Leetcode #1994: The Number of Good Subsets
In this guide, we solve Leetcode #1994 The Number of Good Subsets in Python and focus on the core idea that makes the solution efficient.
You will see the intuition, the step-by-step method, and a clean Python implementation you can use in interviews.

Problem Statement
You are given an integer array nums. We call a subset of nums good if its product can be represented as a product of one or more distinct prime numbers.
Quick Facts
- Difficulty: Hard
- Premium: No
- Tags: Bit Manipulation, Array, Hash Table, Math, Dynamic Programming, Bitmask, Counting, Number Theory
Intuition
Fast membership checks and value lookups are the heart of this problem, which makes a hash map the natural choice.
By storing what we have already seen (or counts/indexes), we can answer the question in one pass without backtracking.
Approach
Scan the input once, using the map to detect when the condition is satisfied and to update state as you go.
This keeps the solution linear while remaining easy to explain in an interview setting.
Steps:
- Initialize a hash map for seen items or counts.
- Iterate through the input, querying/updating the map.
- Return the first valid result or the final computed value.
Example
Input: nums = [1,2,3,4]
Output: 6
Explanation: The good subsets are:
- [1,2]: product is 2, which is the product of distinct prime 2.

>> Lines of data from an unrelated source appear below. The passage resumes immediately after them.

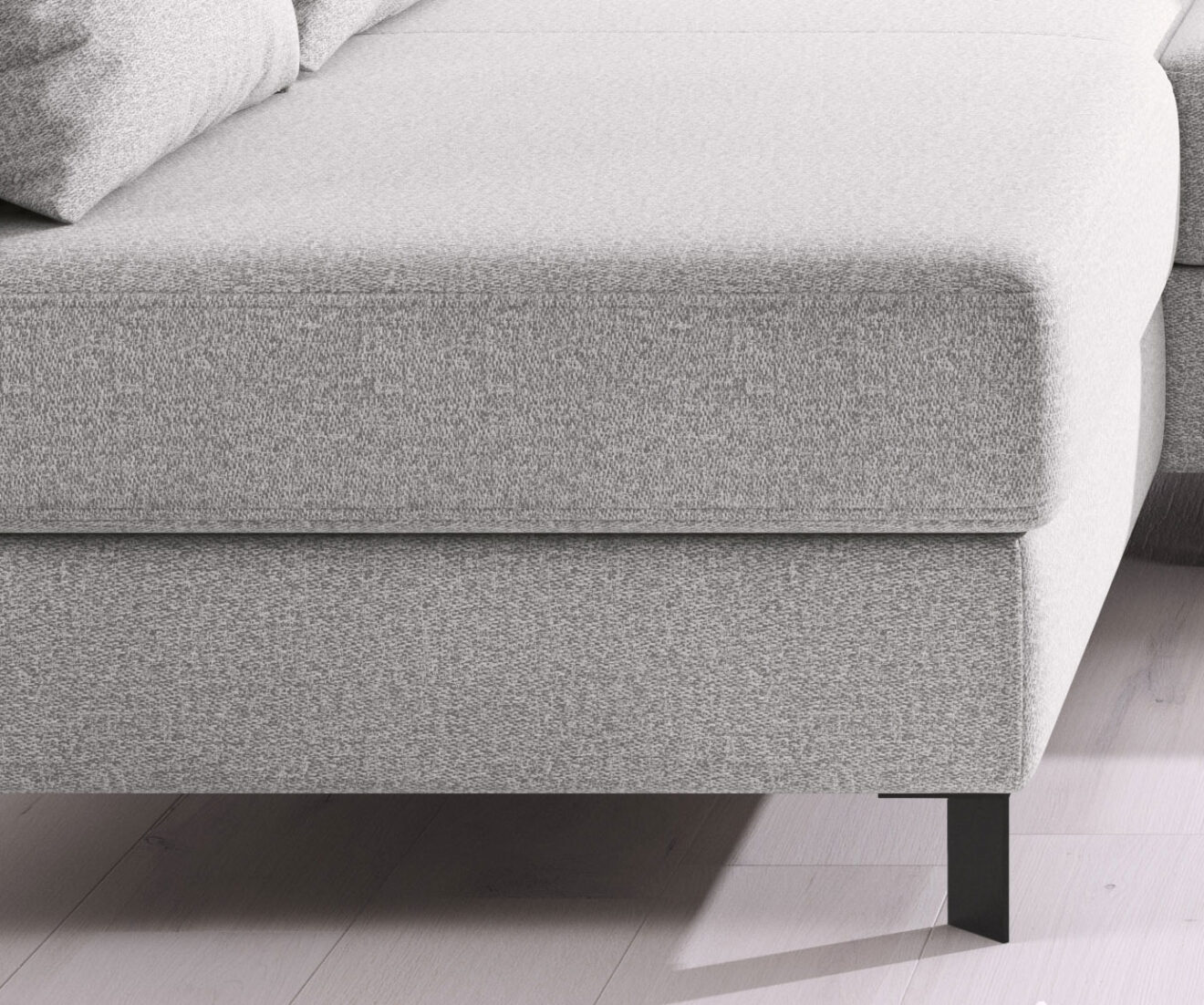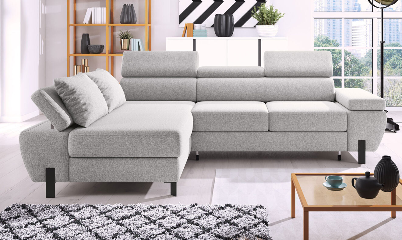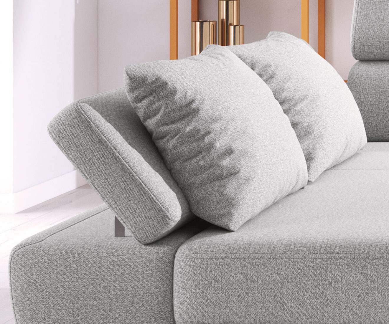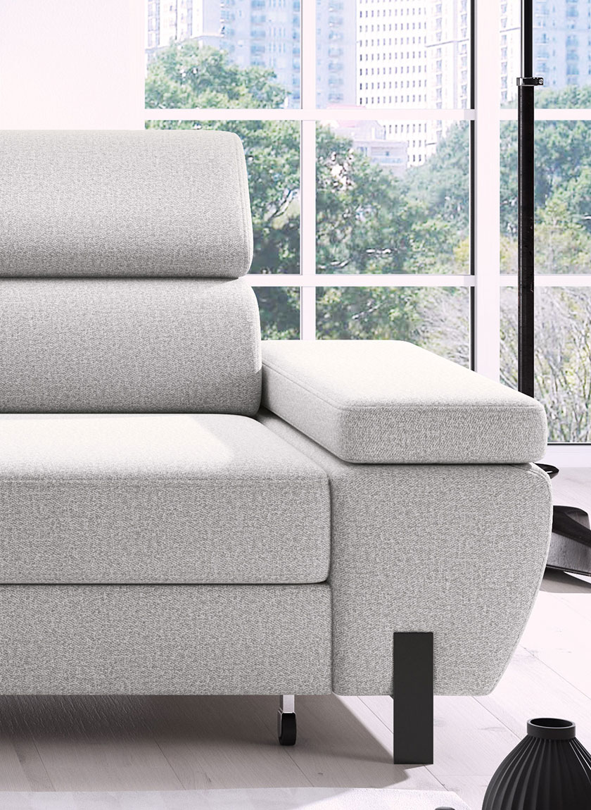 Molina ist für alle gedacht, die modernes Design, Komfort und Funktionalität schätzen. Die originellen Metallbeine unterstreichen den einzigartigen Charakter dieses Möbelstücks. Bequeme Rückenlehnen mit verstellbaren Kopfstützen und eine bewegliche Armlehne ermöglichen es jedem im Haus, sich so zu entspannen, wie er möchte. Die Schlaffunktion ist eine Lösung für alle, die einen zusätzlichen Platz zum Ausruhen suchen und in dem großen Staufach, das in der Ottomane versteckt ist, können Sie zusätzliches Bettzeug und eine warme Decke aufbewahren.
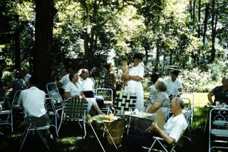 My grandmother holding me while visiting with relatives.
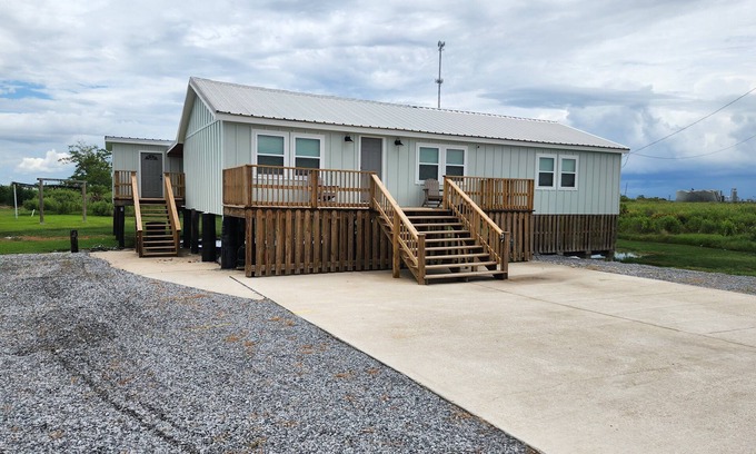 Welcome to Good Times on 56, we are located just before the Robinson Canal bridge; boat launch is a block away from our location. This is your home away from from home, 3 bedroom 2 bath, sleeps 7 people comfortably, this camp offers WiFi, tank less hot water heater, Sonos speakers, 65 inch TV in the living room, along with 43 inch TV in each room and a covered back porch to sit back and relax with a cold cocktail. Have fun with the whole family at this stylish place.

- [1,2,3]: product is 6, which is the product of distinct primes 2 and 3.
- [1,3]: product is 3, which is the product of distinct prime 3.
- [2]: product is 2, which is the product of distinct prime 2.
- [2,3]: product is 6, which is the product of distinct primes 2 and 3.
- [3]: product is 3, which is the product of distinct prime 3.
Python Solution
class Solution:
def numberOfGoodSubsets(self, nums: List[int]) -> int:
primes = [2, 3, 5, 7, 11, 13, 17, 19, 23, 29]
cnt = Counter(nums)
mod = 10**9 + 7
n = len(primes)
f = [0] * (1 << n)
f[0] = pow(2, cnt[1])
for x in range(2, 31):
if cnt[x] == 0 or x % 4 == 0 or x % 9 == 0 or x % 25 == 0:
continue
mask = 0
for i, p in enumerate(primes):
if x % p == 0:
mask |= 1 << i
for state in range((1 << n) - 1, 0, -1):
if state & mask == mask:
f[state] = (f[state] + cnt[x] * f[state ^ mask]) % mod
return sum(f[i] for i in range(1, 1 << n)) % mod
Complexity
The time complexity is O(n). The space complexity is O(n).
Edge Cases and Pitfalls
Watch for boundary values, empty inputs, and duplicate values where applicable. If the problem involves ordering or constraints, confirm the invariant is preserved at every step.
Summary
This Python solution focuses on the essential structure of the problem and keeps the implementation interview-friendly while meeting the constraints.